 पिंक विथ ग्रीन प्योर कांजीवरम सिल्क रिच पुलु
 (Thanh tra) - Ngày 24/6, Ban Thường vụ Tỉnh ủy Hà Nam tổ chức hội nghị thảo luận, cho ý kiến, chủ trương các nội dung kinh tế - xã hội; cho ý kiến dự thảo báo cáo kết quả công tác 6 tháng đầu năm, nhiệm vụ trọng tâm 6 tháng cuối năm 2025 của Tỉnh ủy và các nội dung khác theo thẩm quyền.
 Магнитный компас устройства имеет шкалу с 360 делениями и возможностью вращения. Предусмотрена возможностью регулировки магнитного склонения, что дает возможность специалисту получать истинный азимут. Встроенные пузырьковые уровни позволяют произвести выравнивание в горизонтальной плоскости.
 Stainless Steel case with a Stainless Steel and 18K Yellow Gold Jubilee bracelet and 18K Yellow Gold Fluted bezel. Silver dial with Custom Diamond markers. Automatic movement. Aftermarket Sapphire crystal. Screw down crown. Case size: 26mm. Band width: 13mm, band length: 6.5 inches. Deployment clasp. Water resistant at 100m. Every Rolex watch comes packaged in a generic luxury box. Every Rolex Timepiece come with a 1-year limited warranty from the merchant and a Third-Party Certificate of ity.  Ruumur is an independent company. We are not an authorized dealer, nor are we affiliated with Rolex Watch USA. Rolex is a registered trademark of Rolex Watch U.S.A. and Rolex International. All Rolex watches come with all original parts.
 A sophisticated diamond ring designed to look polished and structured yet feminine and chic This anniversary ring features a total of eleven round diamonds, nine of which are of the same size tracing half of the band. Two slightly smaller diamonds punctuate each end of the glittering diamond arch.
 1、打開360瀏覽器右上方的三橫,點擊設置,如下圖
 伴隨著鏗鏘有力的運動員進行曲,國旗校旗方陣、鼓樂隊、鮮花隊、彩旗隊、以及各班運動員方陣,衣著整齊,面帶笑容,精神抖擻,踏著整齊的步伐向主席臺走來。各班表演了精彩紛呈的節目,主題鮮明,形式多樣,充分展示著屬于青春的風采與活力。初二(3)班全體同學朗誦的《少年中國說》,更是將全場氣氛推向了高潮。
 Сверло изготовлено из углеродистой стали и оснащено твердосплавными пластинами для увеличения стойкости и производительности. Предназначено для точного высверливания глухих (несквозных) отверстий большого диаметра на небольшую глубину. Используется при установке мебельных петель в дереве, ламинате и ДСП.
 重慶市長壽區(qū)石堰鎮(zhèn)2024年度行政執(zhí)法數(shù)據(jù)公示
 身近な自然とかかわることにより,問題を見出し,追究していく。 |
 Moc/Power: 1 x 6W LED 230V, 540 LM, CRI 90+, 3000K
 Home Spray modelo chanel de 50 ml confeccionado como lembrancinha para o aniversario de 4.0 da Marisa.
════
■ Activity
Nothing but the lines from the one containing "身近な自然とかかわることにより,問題を見出し,追究していく。 |" through the last line of the data above should be given again, each exactly as it stands.

■ Reply
 身近な自然とかかわることにより,問題を見出し,追究していく。 |
 Moc/Power: 1 x 6W LED 230V, 540 LM, CRI 90+, 3000K
 Home Spray modelo chanel de 50 ml confeccionado como lembrancinha para o aniversario de 4.0 da Marisa.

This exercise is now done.